Any food that touches the ground here explodes into a tree growing more of the same (Dexterity Save DC 13 or 3d6 bludgeoning within 10ft). 5d20 rations are currently growing here. Jostle them at your own risk!

If blood touches the soil, clones sprout up. They grow in two rounds and have half their original’s HP, the plant type, and vulnerability to fire. They’ll try to bleed as many people as possible to create an army of plant clones.

Secret: Behind a shelf, there’s a secret back exit. DC 12 Wisdom (Perception) to find it. Can be used to evade Traumbildhaur. The thieves know its location.

Barracks​

These sleeping quarters haven’t seen much use lately. Lösung lurks here. He’s stolen some treasure: 1200gp and a mithril puzzle piece. He’s seen enough death to freak him out and no longer cares about wishes and magic hammers; he just wants to go home. He’ll insist on rescuing Hochstapler. This might get him killed.

Throne Room​

Garnele, chief thief and Assassin, lurks outside a door. Inside, magically enlarged Shrimp prowl around the hammer.

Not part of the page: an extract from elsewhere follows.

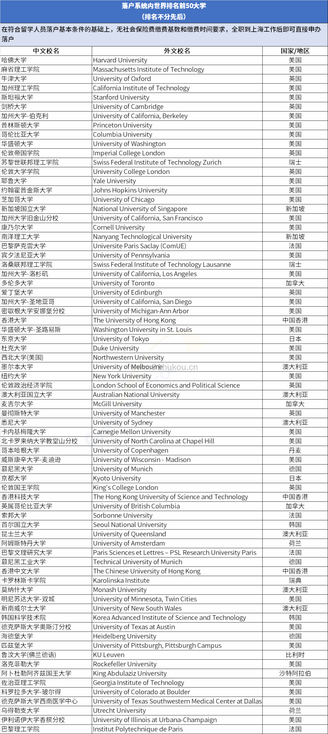 TOP50共有73所院校,在名单里的朋友,来上海全职工作可以直接落户;
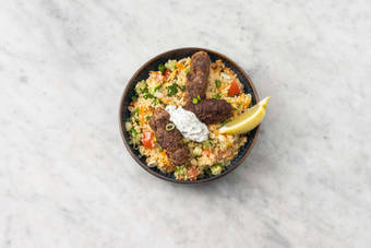 med citrondressing och couscoustabbouleh

The Thieves grew too lazy even to magically grow food. They used the hammer foolishly, wishing for frivolities like wine and exotic shellfish. During their revels, a live shrimp accidentally touched the hammer. Its wish was for its dead friends to live again in a perfect (by Shrimp standards) world.

Most of the thieves died in the immediate aftermath.

The thieves’ ‘throne room’ is now half-underwater and thoroughly coated in a thick, nutrient-rich sludge. Worse still, there are 10 Resurrected Shrimp, returned to life as horse-sized monsters. They act as Ankhegs with:
  • 9 Intelligence
  • A Boiling Water Spray attack (not acid)
  • 30ft Swim speed
They’re enjoying their new place atop the food chain. They’ll peel, devein, boil, and eat any humans they catch. They are otherwise occupied making love and painting art that only shrimp eyes can appreciate. They’ve never left the room and can be distracted by novel colours.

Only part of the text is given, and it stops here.